=== Section Start ===

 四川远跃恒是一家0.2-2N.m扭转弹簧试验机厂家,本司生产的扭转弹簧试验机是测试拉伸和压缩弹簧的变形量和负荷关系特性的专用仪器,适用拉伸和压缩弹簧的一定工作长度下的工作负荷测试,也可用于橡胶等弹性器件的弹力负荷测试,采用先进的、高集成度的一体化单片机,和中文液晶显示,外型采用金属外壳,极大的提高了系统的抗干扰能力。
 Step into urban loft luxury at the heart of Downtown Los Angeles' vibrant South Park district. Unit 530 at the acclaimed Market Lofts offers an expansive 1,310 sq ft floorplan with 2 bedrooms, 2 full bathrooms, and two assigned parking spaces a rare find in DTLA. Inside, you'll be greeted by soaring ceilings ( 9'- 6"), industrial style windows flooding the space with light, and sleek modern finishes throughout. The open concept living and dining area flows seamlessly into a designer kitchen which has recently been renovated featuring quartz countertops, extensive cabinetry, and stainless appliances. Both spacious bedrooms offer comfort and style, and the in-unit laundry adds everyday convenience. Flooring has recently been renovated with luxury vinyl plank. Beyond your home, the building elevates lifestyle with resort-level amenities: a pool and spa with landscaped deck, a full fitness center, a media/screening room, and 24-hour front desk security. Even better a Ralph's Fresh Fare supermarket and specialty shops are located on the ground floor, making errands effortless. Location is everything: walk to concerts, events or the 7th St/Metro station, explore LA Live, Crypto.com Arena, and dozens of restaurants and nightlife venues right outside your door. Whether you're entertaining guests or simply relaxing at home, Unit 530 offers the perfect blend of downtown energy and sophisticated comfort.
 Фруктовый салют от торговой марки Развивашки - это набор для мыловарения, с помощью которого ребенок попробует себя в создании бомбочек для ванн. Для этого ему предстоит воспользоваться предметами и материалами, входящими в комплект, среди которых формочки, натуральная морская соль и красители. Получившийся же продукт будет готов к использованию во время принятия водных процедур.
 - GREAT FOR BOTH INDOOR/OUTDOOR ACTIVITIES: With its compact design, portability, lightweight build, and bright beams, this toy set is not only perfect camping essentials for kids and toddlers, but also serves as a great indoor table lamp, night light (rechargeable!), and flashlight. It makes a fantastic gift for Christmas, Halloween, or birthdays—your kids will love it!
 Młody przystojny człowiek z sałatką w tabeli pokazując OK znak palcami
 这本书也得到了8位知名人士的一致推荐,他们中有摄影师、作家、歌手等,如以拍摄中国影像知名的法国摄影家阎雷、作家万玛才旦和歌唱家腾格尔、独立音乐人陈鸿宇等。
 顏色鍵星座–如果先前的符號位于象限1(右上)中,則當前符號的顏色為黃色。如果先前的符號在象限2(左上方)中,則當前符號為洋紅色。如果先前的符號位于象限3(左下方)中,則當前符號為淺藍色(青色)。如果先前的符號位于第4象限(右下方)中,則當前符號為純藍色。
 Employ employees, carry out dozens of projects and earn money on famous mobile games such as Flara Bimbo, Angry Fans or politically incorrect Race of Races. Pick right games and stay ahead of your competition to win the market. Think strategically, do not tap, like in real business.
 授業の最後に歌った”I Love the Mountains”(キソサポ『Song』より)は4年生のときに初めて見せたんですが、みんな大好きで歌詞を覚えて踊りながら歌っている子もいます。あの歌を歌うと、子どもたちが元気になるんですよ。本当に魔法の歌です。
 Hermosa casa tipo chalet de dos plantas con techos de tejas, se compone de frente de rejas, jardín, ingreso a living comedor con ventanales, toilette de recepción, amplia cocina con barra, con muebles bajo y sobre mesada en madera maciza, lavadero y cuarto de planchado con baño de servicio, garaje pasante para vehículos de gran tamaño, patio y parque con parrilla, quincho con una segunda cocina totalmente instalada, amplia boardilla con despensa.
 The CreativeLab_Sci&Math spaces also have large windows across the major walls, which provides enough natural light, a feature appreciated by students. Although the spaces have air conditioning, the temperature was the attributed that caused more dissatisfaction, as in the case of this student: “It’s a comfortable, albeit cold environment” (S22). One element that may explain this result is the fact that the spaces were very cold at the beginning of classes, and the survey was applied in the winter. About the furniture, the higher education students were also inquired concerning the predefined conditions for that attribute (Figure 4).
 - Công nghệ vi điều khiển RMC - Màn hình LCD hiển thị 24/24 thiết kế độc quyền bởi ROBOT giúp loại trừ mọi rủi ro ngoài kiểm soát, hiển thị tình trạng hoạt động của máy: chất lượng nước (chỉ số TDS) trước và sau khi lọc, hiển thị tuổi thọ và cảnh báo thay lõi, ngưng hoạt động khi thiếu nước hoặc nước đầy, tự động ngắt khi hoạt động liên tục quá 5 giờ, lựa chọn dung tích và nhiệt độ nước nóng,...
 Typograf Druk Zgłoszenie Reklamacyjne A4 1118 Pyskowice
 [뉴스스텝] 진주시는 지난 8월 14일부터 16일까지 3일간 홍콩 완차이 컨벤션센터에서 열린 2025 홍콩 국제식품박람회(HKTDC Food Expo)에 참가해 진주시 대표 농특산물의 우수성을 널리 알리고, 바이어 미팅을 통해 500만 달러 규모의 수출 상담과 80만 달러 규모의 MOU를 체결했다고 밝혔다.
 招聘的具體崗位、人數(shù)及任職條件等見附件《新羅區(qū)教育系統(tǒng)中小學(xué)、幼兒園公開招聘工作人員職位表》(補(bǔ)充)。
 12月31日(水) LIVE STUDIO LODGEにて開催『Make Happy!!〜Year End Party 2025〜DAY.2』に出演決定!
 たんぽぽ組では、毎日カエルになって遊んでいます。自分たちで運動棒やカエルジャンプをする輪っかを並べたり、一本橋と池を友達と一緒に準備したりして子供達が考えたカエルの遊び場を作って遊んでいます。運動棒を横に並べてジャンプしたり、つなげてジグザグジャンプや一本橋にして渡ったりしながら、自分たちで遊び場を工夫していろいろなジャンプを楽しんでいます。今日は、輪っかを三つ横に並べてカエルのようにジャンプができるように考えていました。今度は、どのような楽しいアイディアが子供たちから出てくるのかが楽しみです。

=== Section End ===

** THE PROBLEM **
The expected output is the lines from the one holding "招聘的具體崗位、人數(shù" through the last line of the data, exactly as they appear, with nothing before or after.

** EXERCISE SOLUTION **
 招聘的具體崗位、人數(shù)及任職條件等見附件《新羅區(qū)教育系統(tǒng)中小學(xué)、幼兒園公開招聘工作人員職位表》(補(bǔ)充)。
 12月31日(水) LIVE STUDIO LODGEにて開催『Make Happy!!〜Year End Party 2025〜DAY.2』に出演決定!
 たんぽぽ組では、毎日カエルになって遊んでいます。自分たちで運動棒やカエルジャンプをする輪っかを並べたり、一本橋と池を友達と一緒に準備したりして子供達が考えたカエルの遊び場を作って遊んでいます。運動棒を横に並べてジャンプしたり、つなげてジグザグジャンプや一本橋にして渡ったりしながら、自分たちで遊び場を工夫していろいろなジャンプを楽しんでいます。今日は、輪っかを三つ横に並べてカエルのようにジャンプができるように考えていました。今度は、どのような楽しいアイディアが子供たちから出てくるのかが楽しみです。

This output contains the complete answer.